You are right, of course…and the best way to deal with the problem if the site is not easily accessible. I fully expect the fan to fail eventually. All I need to do is grab another one in the basement, walk into the garage, and replace it.
An important fun factor for me is tinkering, specially with unorthodox, cheap solutions.
It all depends where the Pi is sited. Heat is always to be taken into account. All conditions being the same, the RPi4 generates more heat.
Writing vanila Raspbian to micrSD card and enabling SSH is same effort as writing Piaware image. The only additional steps are packaage install of piaware & dump1090-fa
To make the package intall very easy, yesterday I wrote a bash script which makes package install on vanila Raspbian just a matter of copy-pating the following bash script into SSH console.
This script not only installs packages, but at the end asks for user to input feeder-id and sets this id in /etc/piaware.conf when Enter key is pressed. If no feeder-id is entered, the script advises user to go to claims page and exits with “installation completed” announcement.
I will shortly add to the bash script code which will ask user to input WiFi credentials (ssid, password, country code) and save it in file /etc/wpa_supplicant/wpa_supplicant.conf, enabling WiFi.
The lower the setting that gets the job done the better.

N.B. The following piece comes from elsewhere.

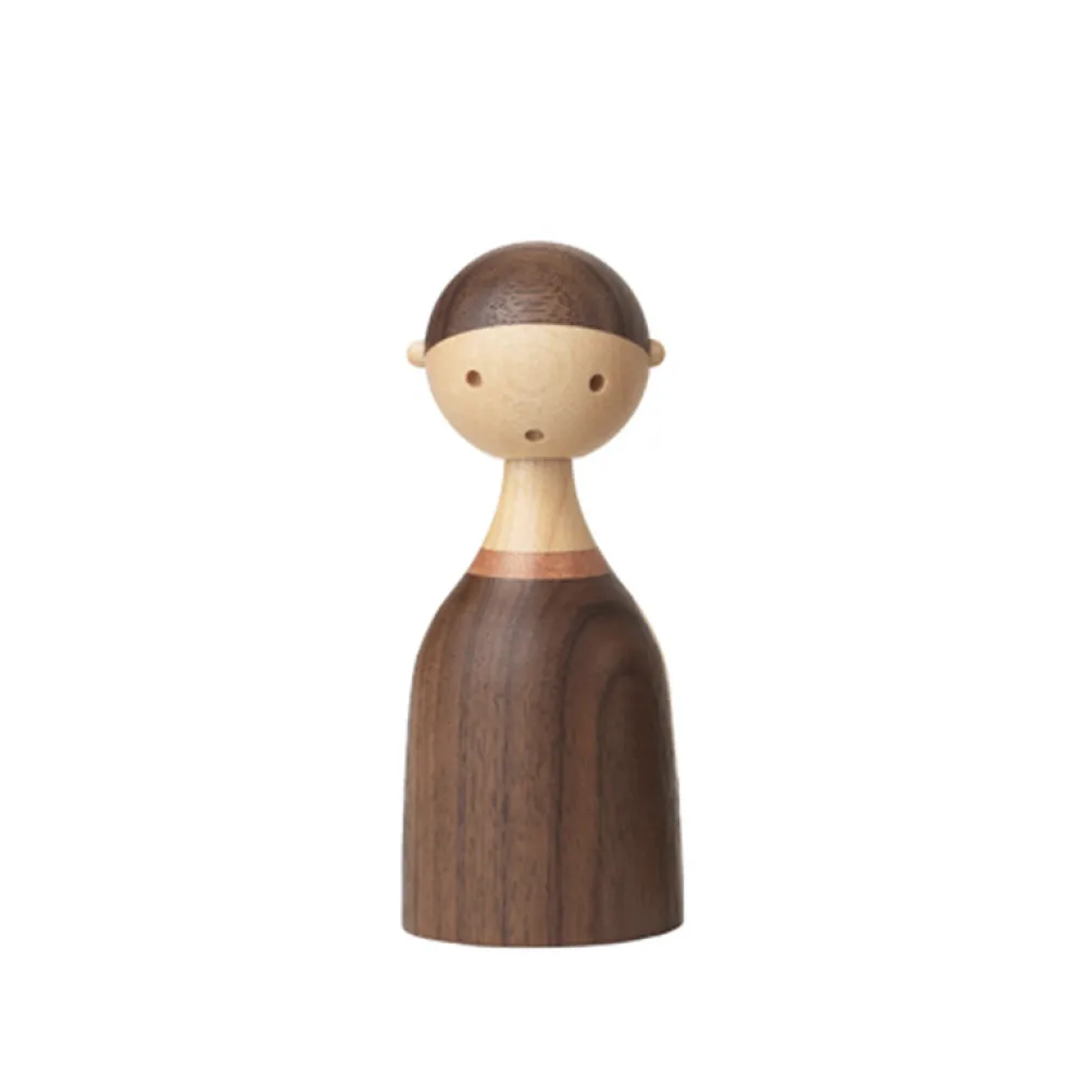 Figur af dreng fra Architectmades nye serie KIN. KIN er en skøn serie med figurer for hele familien, hvor de fine figurer kan skifte udtryk med deres vippende hoveder. Fremstillet af valnød, mahogni og ahorn.

It usually gives the best SNR. Avoid the MAX/-10 at all cost.
I don’t know how many different hardware configurations I tried in the past couple of years, but the best results were always with gain settings between 29.7 and 49.6.
It adjusts gain until Messages>-3dB are between 1% and 5%.
This usually equates to a good gain setting, it basically follows the guidelines of the 2nd post of this thread (Thoughts on optimizing gain).
(@abcd567 feel free to include the helper for setting gain on the console without editing a file, if you wish you can include the location changer as well though this isn’t normally needed with piaware installed)
I won’t be changing the configuration of my stations anytime soon, as I’m trying to beat my old record for planes seen. Finally, after a long time, looks like it’ll happen. If it does happen, it’ll confirm what I have been saying about how critical the placement of an indoor antenna can be.
As for the NooElec and RTL-SDR Blog LNA working together, I don’t foresee any problems. If I recall, the NooElec has enough ‘juice’ to feed the LNA.
On my second station, which is outperforming my main station right now, I’m using a much maligned eBay LNA. It all depends how you ‘pair’ it, I guess. The eBay LNA is placed after a dark blue FA filter.
Well, i am using a very basic indoor antenna located in my home office under the roof. I moved the antenna to the left of the window, in front of the window, to the right
I also changed the height of the antenna from bottom to the upper end of the window, closed to the ceiling.
After several tests i found out that it’s placed best on the left, approx 50cm below the ceiling.
Any other position is giving a slightly lower message rate.
What i did not do is long term monitoring per position, but i assume i’ve found the best position indoor, this is confirmed by the max range and the current range which are close to each other.
Any other improvement would require an outdoor antenna
I only have two small gaps to the north and to the south, but this needs also an outdoor antenna.
3B+ with and without a POE unit with fan (CPU not doing a lot). I removed it to use it on an RPI4.
I ordered some heatsink liquid adhesive. It should arrive tomorrow.
I plan to use it on the RPI4s and maybe a 3B+ or two. I read a few articles that suggested adhesive was better than the tape.
Much better thermal conductivity by thinner heat transfer medium alone almost.
Apply almost too thin and clamp with reasonable force until cured would be my guess, but i’m sure you’ve read something from people who tried it.
Maybe there are some problem with thermal expansion which require the glue to be a certain thickness.
Also non-removable obviously.
My orange stick and Pi 3b+ arrived day before yesterday and are now working. I used the following to guide me and it worked wonderfully. Thank you abcd567!
Added FA software (using script), updated OS, added SSH and VNC from the GUI, configured the WIFI, and chopped it’s head off, and stuck it in a South facing window.
Messed up one time by adding my site ID when I really wanted two sites. One of them to play with.and one for “production”…
Now I am going to use your script to do the gain. We will see what happens.
Thanks to all.
One other small item was I tried to partition the SD card before I realized I just needed to write the image as balenaEtcher did that for me. After booting the OS corrected something with the boot sectors/partition of the card and away we went.
One last edit about heat. I used the FLIRC metal case. It comes with a sticky thermal pad to connect the top of the CPU to the case. I used a test that calculates prime numbers up to 125000 on all cores. Never got above 60C.
In above guide, I have now added detailed method for enabling WiFi in Raspbian image right from first boot. This is done immediately after writing Raspbian image, and while the microSD card is still in the card reader of Desktop/Laptop.
Yes I noted the instruction about SSH file but was unable to get past the security warning about password for SSH when booting. (keyboard and mouse would notwork probably because drivers were not loaded) But I was able to boot to the GUI and add SSH, VNC, and Network with a working keyboard and mouse. (I assume a complete boot enabled the previously non-working hardware.)